• [EXTRACTED DATA]:
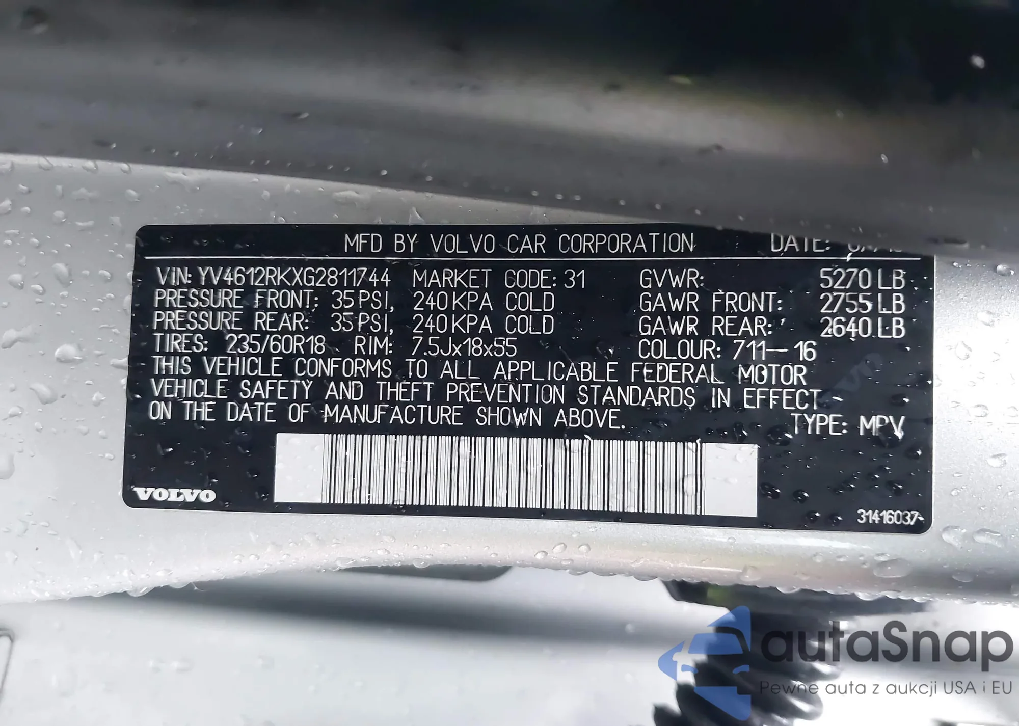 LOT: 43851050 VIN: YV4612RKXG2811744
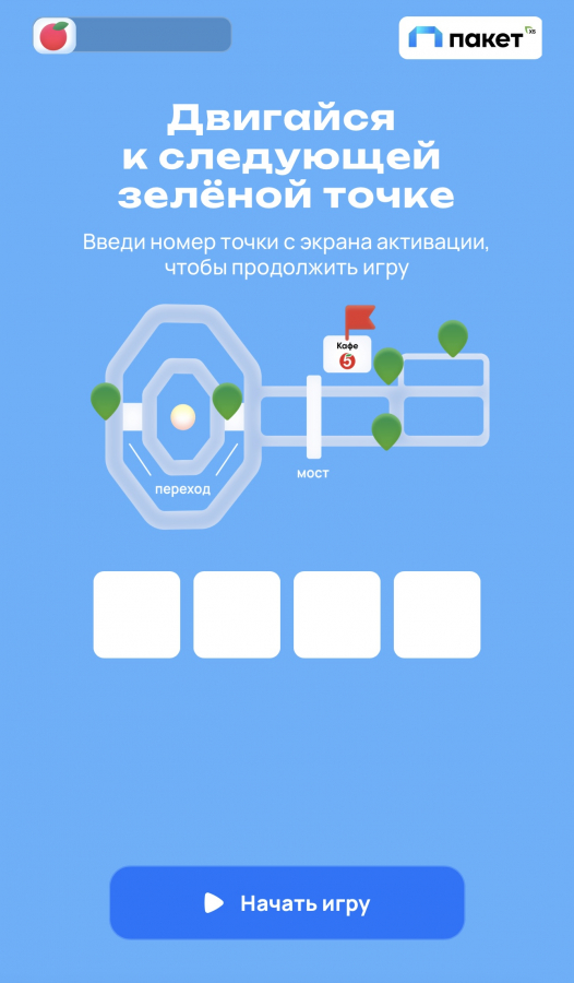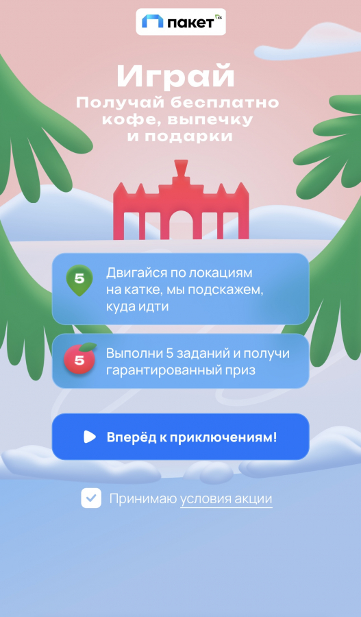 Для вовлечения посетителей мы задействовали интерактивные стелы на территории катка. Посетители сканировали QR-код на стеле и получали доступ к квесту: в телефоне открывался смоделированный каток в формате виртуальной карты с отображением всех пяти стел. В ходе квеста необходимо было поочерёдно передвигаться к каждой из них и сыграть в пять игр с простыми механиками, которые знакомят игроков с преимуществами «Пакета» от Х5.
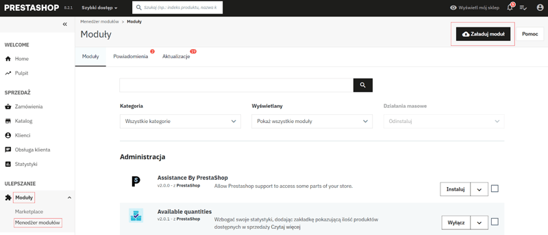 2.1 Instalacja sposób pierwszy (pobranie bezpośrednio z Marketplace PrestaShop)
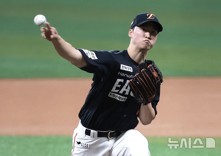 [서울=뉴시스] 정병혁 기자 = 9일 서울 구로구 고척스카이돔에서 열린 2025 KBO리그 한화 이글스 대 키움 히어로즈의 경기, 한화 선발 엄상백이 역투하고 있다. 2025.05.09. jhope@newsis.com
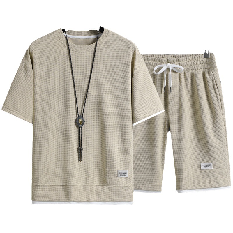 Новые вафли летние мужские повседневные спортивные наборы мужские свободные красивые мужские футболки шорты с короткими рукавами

---

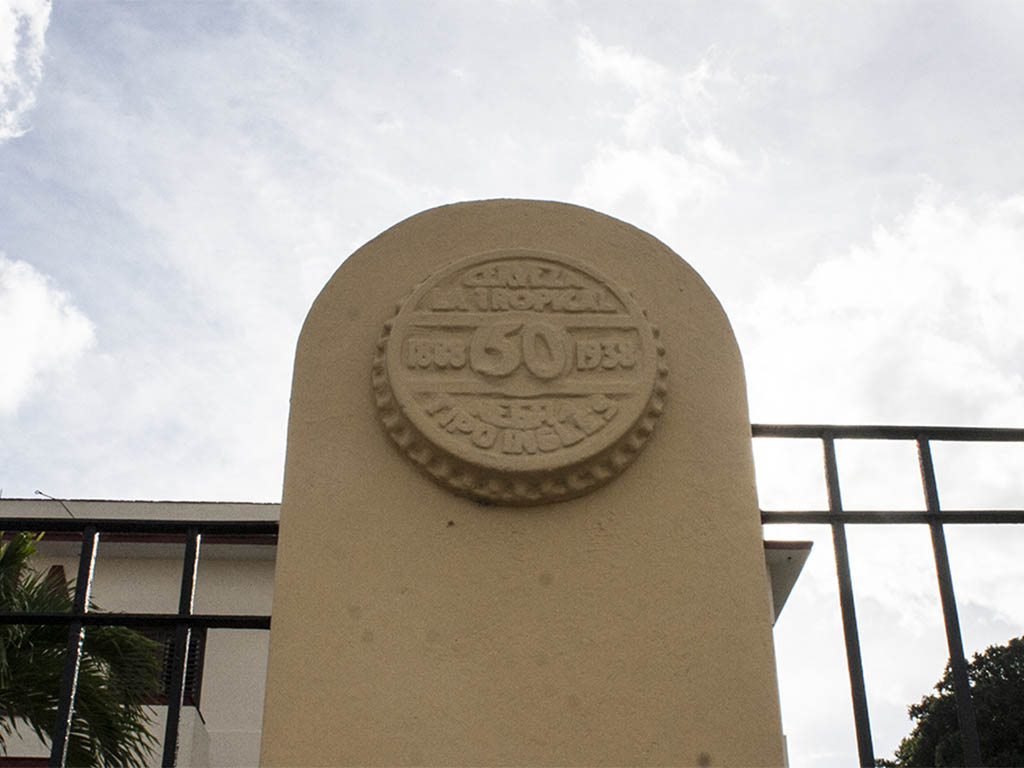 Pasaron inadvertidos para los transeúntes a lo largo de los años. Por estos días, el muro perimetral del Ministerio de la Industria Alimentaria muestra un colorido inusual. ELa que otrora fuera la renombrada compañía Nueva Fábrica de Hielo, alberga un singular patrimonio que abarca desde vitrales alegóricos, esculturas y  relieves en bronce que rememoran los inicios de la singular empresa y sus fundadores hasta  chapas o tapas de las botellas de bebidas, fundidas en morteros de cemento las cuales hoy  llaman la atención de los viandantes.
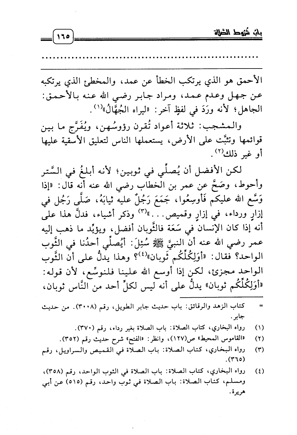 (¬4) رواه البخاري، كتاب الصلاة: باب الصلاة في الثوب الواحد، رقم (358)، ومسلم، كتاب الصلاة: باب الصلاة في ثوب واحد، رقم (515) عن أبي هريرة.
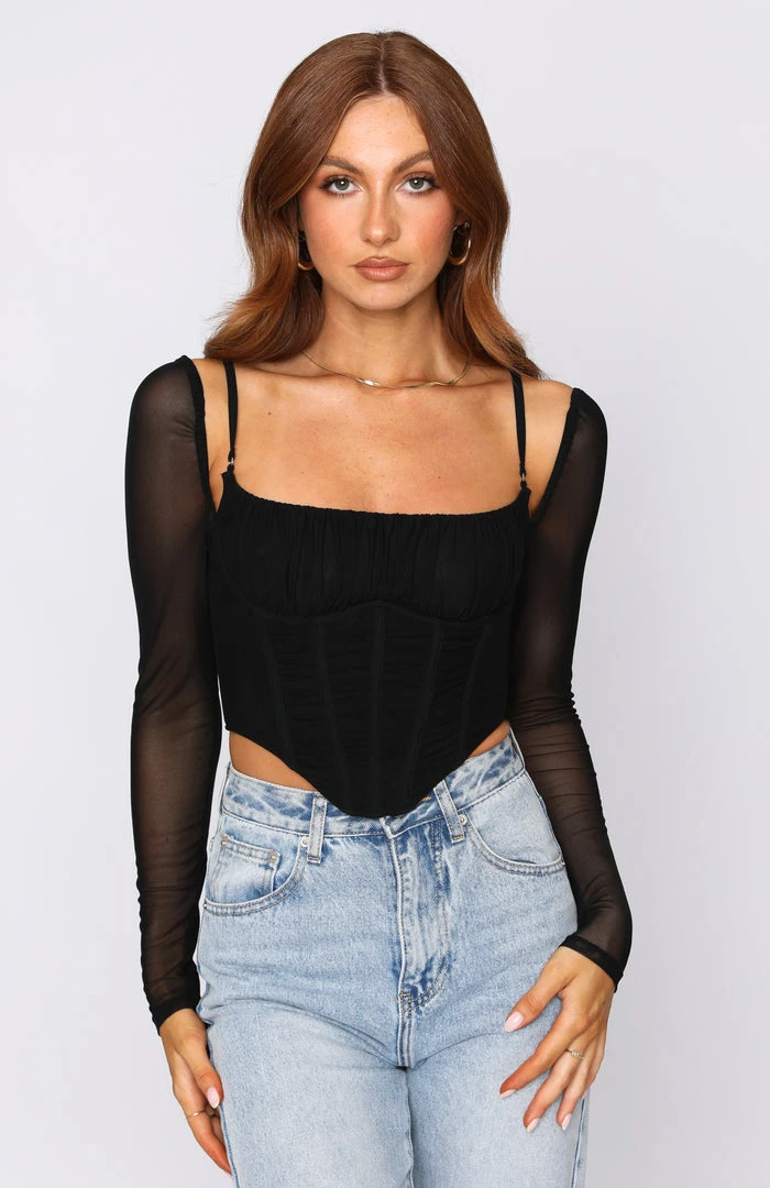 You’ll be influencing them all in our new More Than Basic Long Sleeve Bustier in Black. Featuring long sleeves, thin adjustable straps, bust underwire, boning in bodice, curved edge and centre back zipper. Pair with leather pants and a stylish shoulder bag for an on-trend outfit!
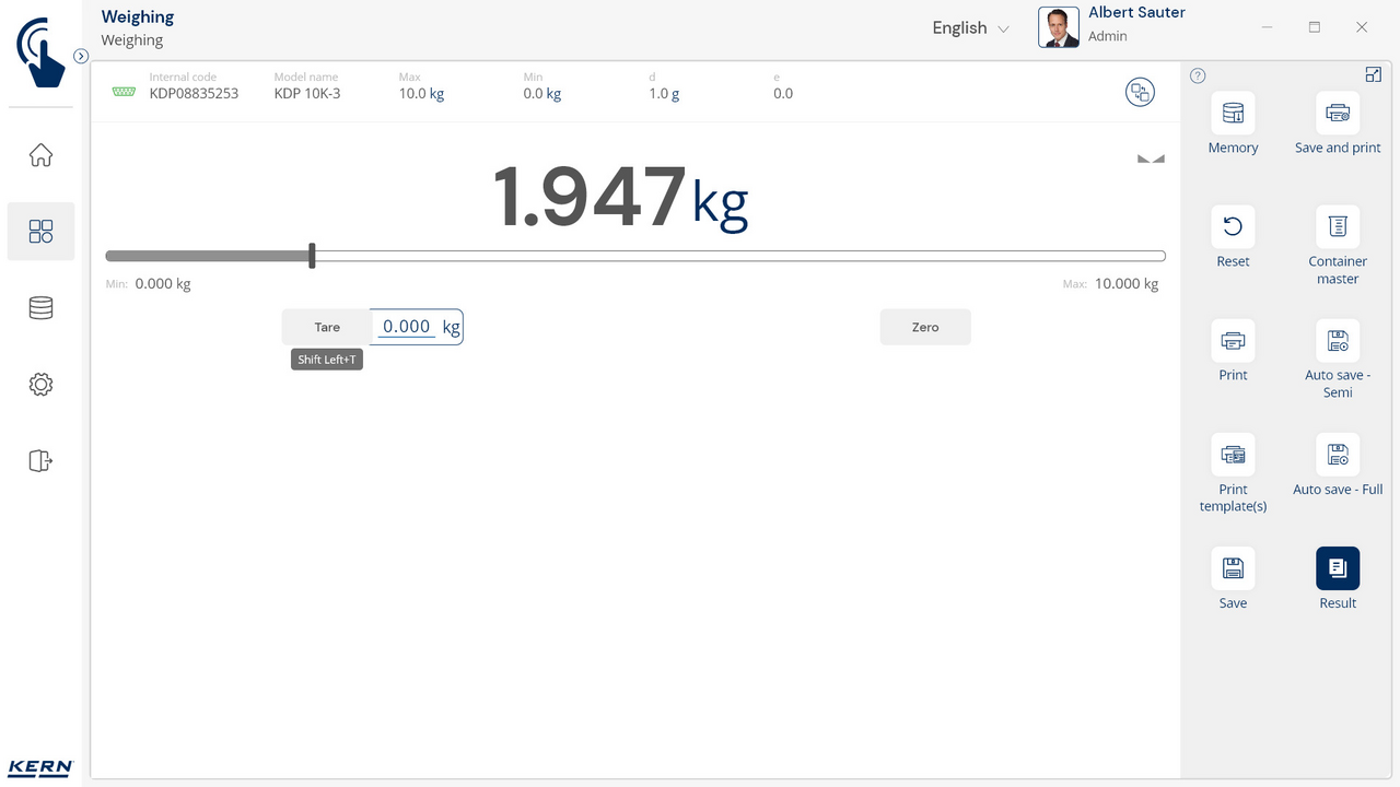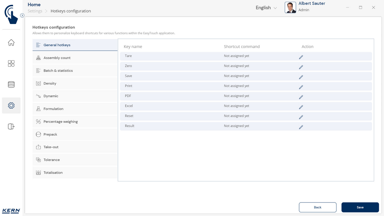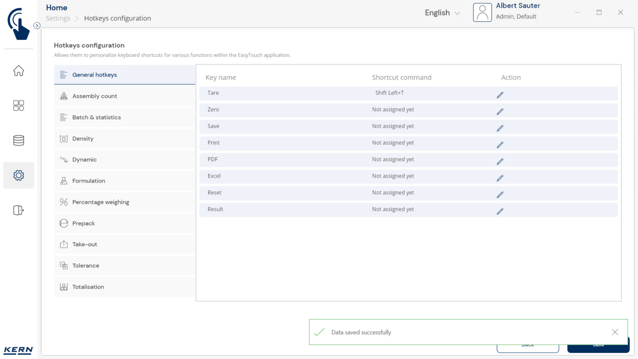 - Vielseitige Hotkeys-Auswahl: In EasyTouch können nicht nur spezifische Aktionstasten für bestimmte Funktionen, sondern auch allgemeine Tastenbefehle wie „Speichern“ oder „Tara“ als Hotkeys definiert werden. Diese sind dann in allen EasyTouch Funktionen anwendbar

• [WORK INSTRUCTION]:
Take the material above and output only the lines from the one that contains "Для вовлечения посетителей" through the one that contains "2.1 Instalacja sposób", ends included and images left out.

• [WRITTEN ANSWER]:
 Для вовлечения посетителей мы задействовали интерактивные стелы на территории катка. Посетители сканировали QR-код на стеле и получали доступ к квесту: в телефоне открывался смоделированный каток в формате виртуальной карты с отображением всех пяти стел. В ходе квеста необходимо было поочерёдно передвигаться к каждой из них и сыграть в пять игр с простыми механиками, которые знакомят игроков с преимуществами «Пакета» от Х5.
 2.1 Instalacja sposób pierwszy (pobranie bezpośrednio z Marketplace PrestaShop)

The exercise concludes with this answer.